*** Provided records Section Begins ***

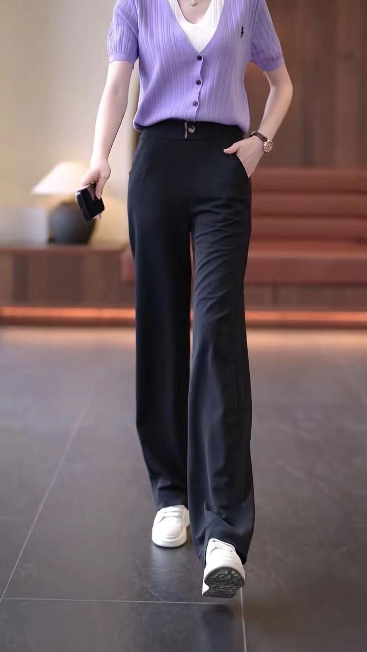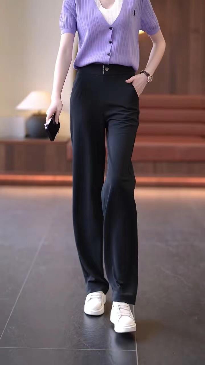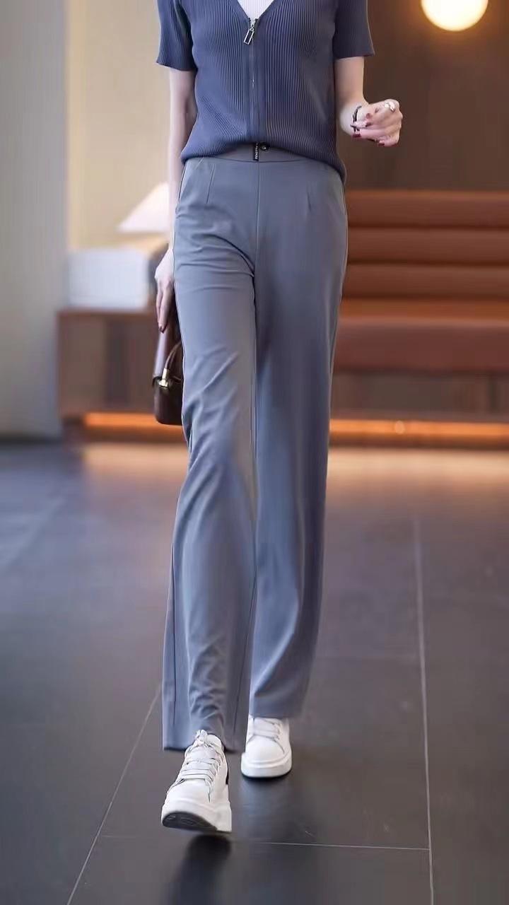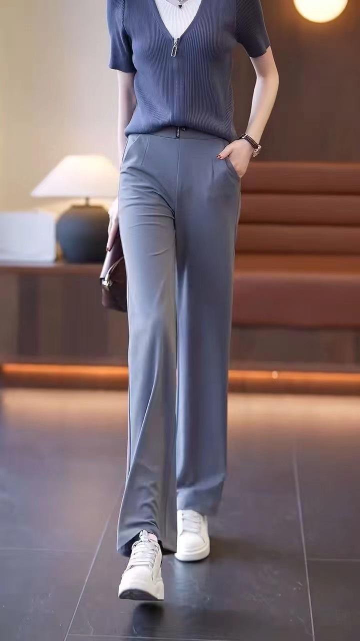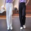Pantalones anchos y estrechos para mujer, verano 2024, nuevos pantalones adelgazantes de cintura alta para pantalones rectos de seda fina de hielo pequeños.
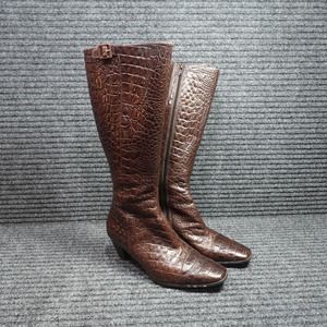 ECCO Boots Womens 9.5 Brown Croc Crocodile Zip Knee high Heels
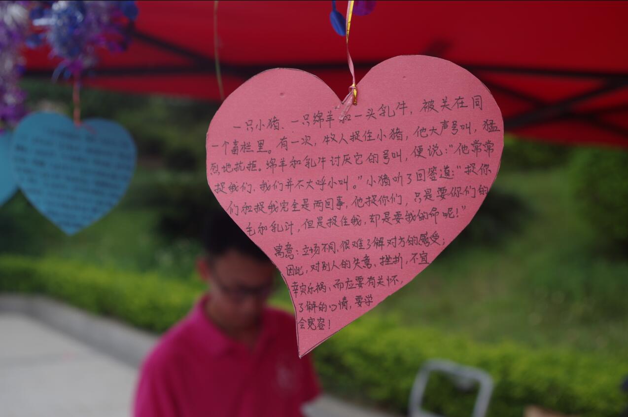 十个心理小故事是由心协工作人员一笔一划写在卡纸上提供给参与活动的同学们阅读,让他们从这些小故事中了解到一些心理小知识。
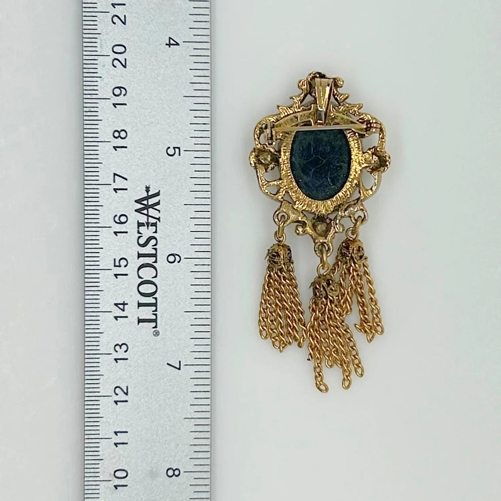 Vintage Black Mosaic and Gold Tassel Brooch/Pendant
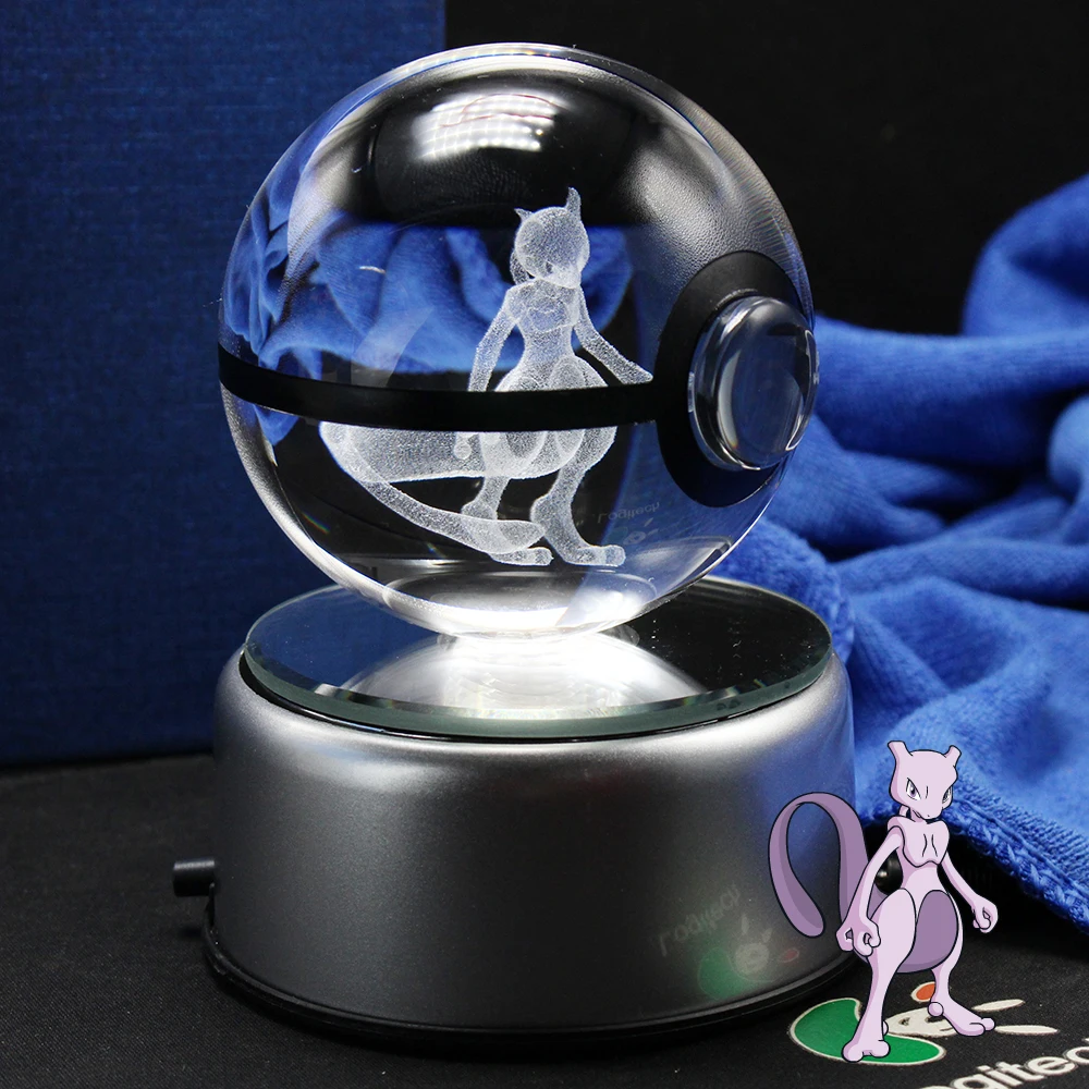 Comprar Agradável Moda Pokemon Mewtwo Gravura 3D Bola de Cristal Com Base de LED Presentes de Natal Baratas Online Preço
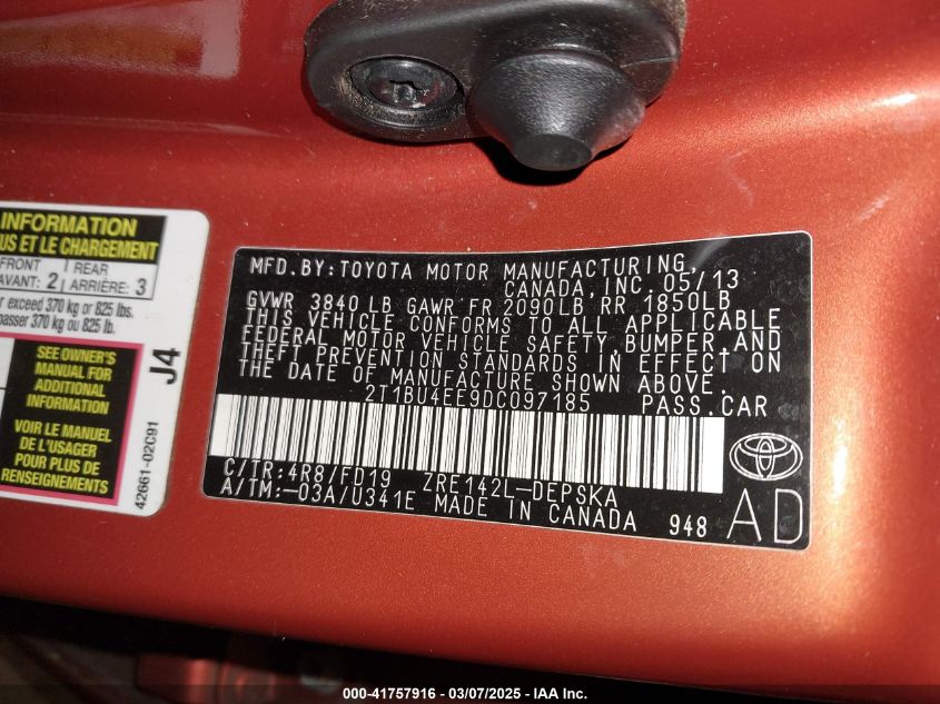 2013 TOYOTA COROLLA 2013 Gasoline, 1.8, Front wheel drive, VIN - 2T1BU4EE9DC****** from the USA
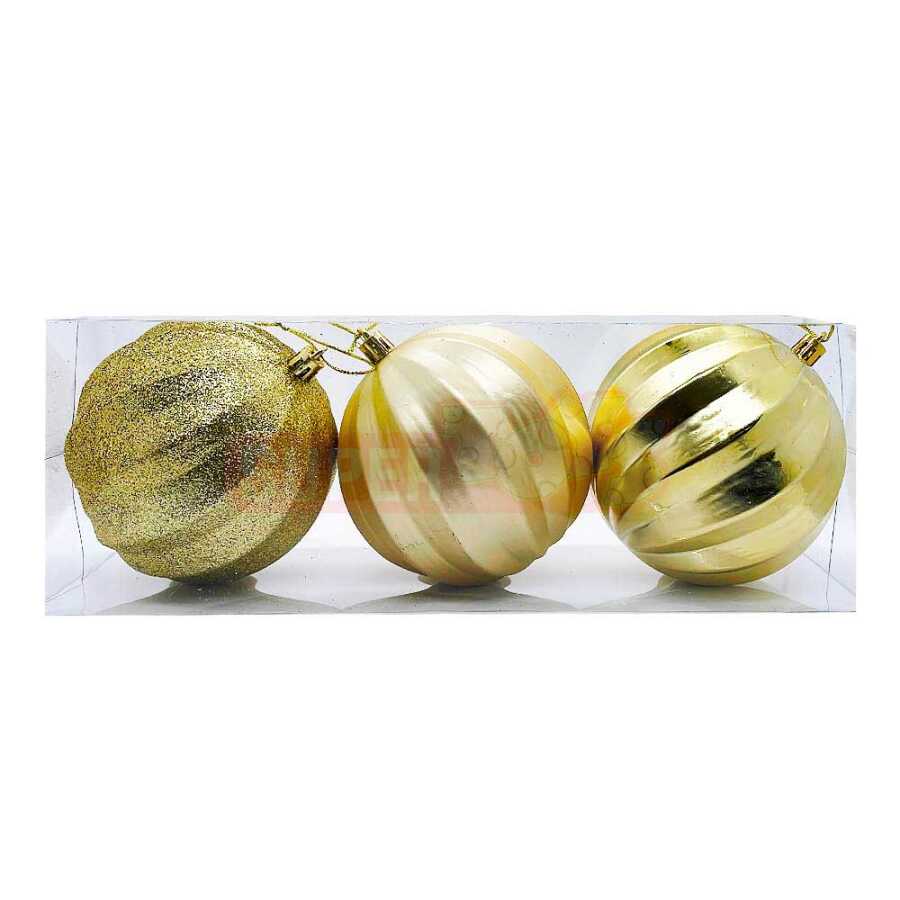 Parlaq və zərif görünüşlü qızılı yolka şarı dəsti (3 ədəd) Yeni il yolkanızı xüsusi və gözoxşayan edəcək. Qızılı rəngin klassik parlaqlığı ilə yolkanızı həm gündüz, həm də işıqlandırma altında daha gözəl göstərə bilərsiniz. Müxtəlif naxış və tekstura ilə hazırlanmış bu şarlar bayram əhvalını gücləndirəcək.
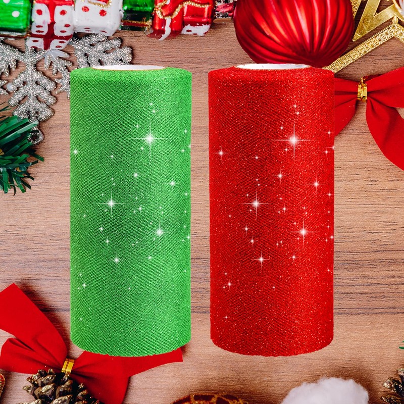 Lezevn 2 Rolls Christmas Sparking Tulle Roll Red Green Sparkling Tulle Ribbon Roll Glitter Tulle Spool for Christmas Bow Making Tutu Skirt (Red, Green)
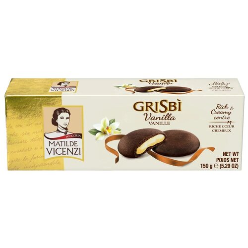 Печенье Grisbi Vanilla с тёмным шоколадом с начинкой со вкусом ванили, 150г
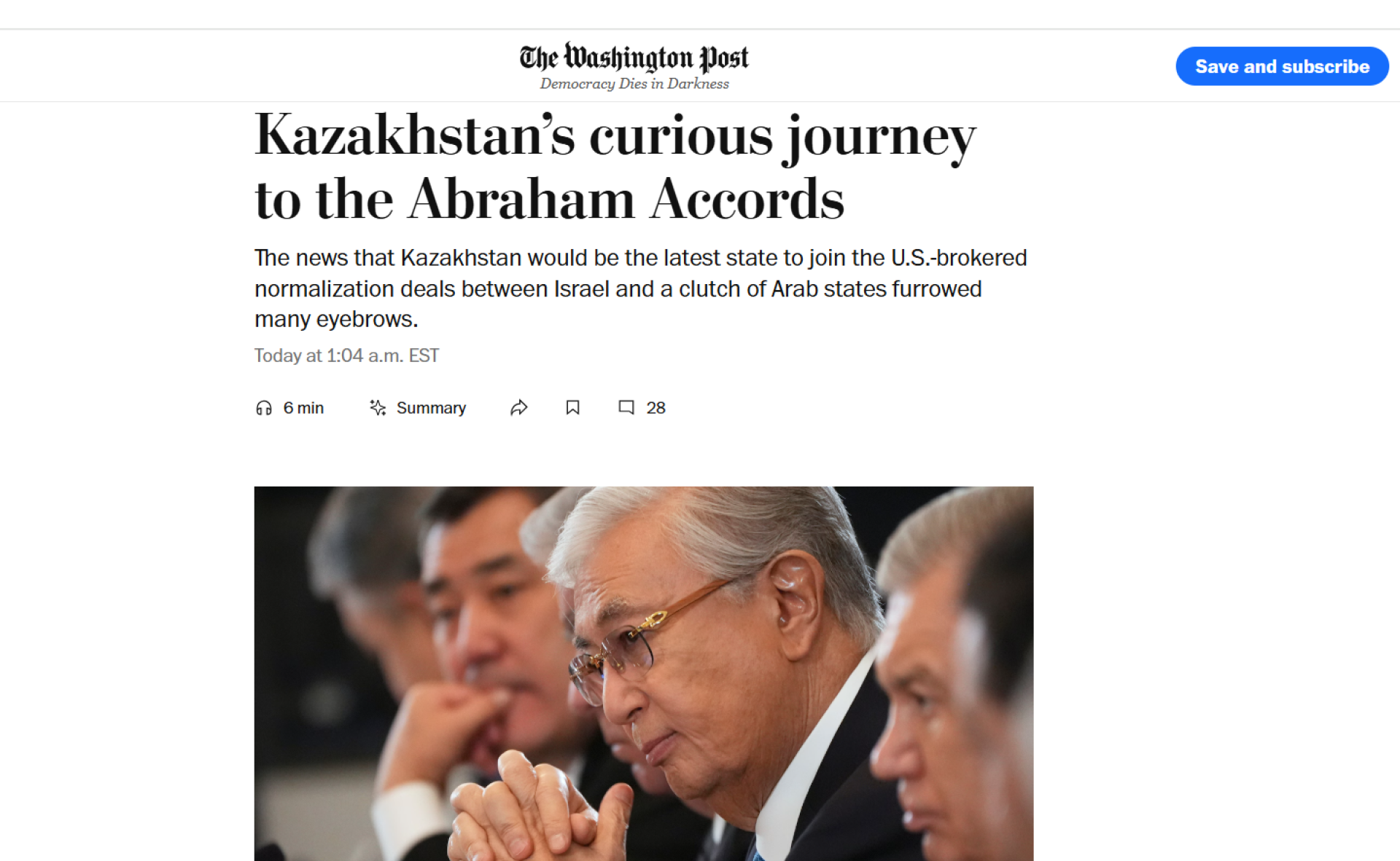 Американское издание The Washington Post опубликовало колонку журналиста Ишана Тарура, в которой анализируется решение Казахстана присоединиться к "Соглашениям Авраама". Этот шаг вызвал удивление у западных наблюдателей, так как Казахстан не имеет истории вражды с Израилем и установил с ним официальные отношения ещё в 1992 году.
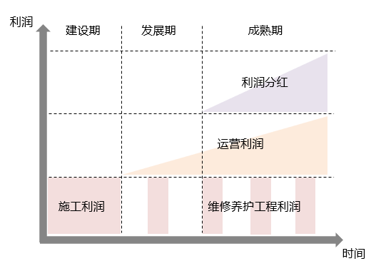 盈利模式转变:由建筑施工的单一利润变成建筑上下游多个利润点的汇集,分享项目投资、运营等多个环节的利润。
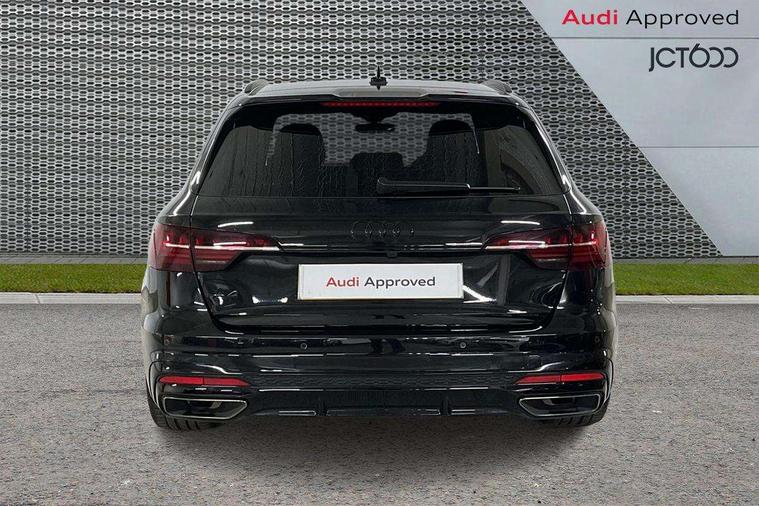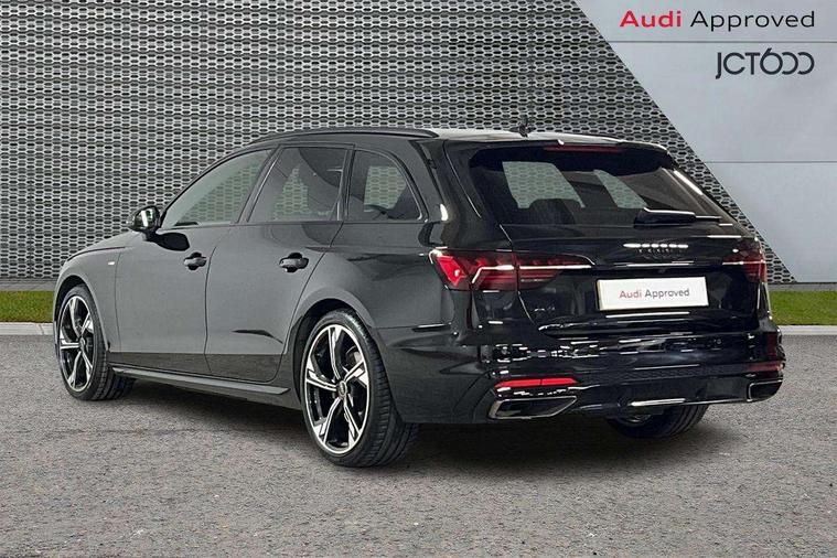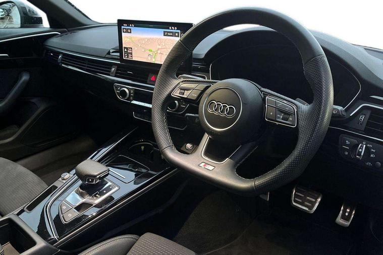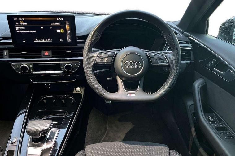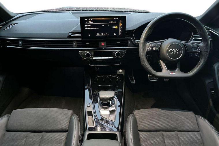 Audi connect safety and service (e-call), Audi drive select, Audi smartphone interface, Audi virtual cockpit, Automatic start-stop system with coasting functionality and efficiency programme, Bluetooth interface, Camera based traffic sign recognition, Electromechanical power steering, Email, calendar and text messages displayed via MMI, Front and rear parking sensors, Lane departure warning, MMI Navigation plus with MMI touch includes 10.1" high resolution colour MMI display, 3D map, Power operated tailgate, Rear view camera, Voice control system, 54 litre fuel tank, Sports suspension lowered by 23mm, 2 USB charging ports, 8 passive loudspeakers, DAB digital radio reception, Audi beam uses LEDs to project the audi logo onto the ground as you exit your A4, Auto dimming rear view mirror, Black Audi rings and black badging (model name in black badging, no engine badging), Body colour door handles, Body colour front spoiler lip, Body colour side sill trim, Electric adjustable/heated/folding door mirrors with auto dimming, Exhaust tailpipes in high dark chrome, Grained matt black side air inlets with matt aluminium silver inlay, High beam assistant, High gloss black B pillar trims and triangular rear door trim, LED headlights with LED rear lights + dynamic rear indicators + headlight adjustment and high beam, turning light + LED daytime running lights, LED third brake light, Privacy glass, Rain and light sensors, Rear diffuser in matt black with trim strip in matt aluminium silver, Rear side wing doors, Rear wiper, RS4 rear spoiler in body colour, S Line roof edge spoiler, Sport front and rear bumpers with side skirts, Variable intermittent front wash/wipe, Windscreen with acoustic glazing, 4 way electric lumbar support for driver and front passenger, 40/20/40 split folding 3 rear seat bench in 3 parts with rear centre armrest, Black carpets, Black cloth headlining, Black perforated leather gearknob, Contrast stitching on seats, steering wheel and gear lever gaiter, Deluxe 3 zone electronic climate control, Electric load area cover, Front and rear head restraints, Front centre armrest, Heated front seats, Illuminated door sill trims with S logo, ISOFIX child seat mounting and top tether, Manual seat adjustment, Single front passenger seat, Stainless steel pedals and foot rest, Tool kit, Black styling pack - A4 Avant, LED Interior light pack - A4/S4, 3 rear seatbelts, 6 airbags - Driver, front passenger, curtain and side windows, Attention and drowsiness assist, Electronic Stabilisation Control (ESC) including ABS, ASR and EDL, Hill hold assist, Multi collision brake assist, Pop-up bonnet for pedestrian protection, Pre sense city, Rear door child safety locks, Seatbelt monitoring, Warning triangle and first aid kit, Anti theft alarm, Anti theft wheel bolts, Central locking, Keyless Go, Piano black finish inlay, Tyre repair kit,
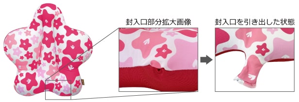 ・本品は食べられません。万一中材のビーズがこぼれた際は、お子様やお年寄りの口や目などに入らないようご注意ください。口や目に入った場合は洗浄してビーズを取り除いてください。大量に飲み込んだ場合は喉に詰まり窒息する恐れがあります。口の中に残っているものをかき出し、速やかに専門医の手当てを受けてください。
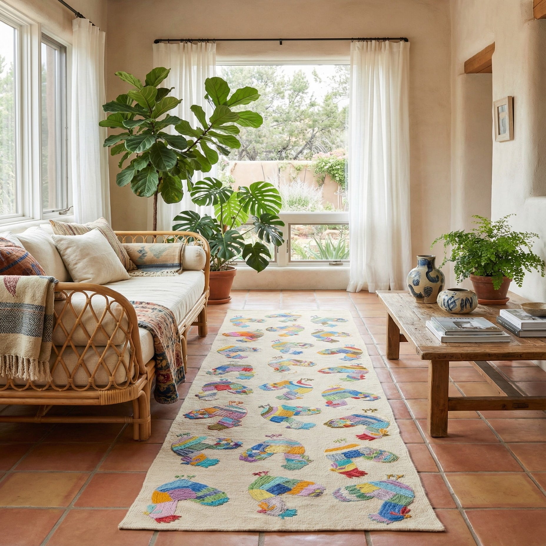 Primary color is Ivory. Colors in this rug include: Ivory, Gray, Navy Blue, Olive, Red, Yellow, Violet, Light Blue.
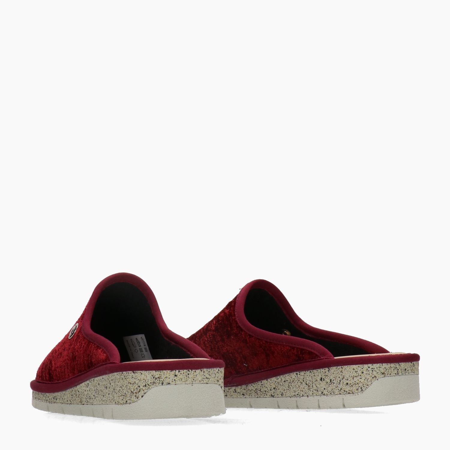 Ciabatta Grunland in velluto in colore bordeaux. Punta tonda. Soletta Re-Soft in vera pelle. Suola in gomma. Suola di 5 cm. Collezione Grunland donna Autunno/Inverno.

*** Provided records Section Ends ***

What you are asked to do
Set the pictures aside and transcribe exactly the stretch of lines above, beginning with the one holding "Parlaq və zərif" and ending with the one holding "盈利模式转变:由建筑施工的单".

Output of the task
 Parlaq və zərif görünüşlü qızılı yolka şarı dəsti (3 ədəd) Yeni il yolkanızı xüsusi və gözoxşayan edəcək. Qızılı rəngin klassik parlaqlığı ilə yolkanızı həm gündüz, həm də işıqlandırma altında daha gözəl göstərə bilərsiniz. Müxtəlif naxış və tekstura ilə hazırlanmış bu şarlar bayram əhvalını gücləndirəcək.
 Lezevn 2 Rolls Christmas Sparking Tulle Roll Red Green Sparkling Tulle Ribbon Roll Glitter Tulle Spool for Christmas Bow Making Tutu Skirt (Red, Green)
 Печенье Grisbi Vanilla с тёмным шоколадом с начинкой со вкусом ванили, 150г
 Американское издание The Washington Post опубликовало колонку журналиста Ишана Тарура, в которой анализируется решение Казахстана присоединиться к "Соглашениям Авраама". Этот шаг вызвал удивление у западных наблюдателей, так как Казахстан не имеет истории вражды с Израилем и установил с ним официальные отношения ещё в 1992 году.
 盈利模式转变:由建筑施工的单一利润变成建筑上下游多个利润点的汇集,分享项目投资、运营等多个环节的利润。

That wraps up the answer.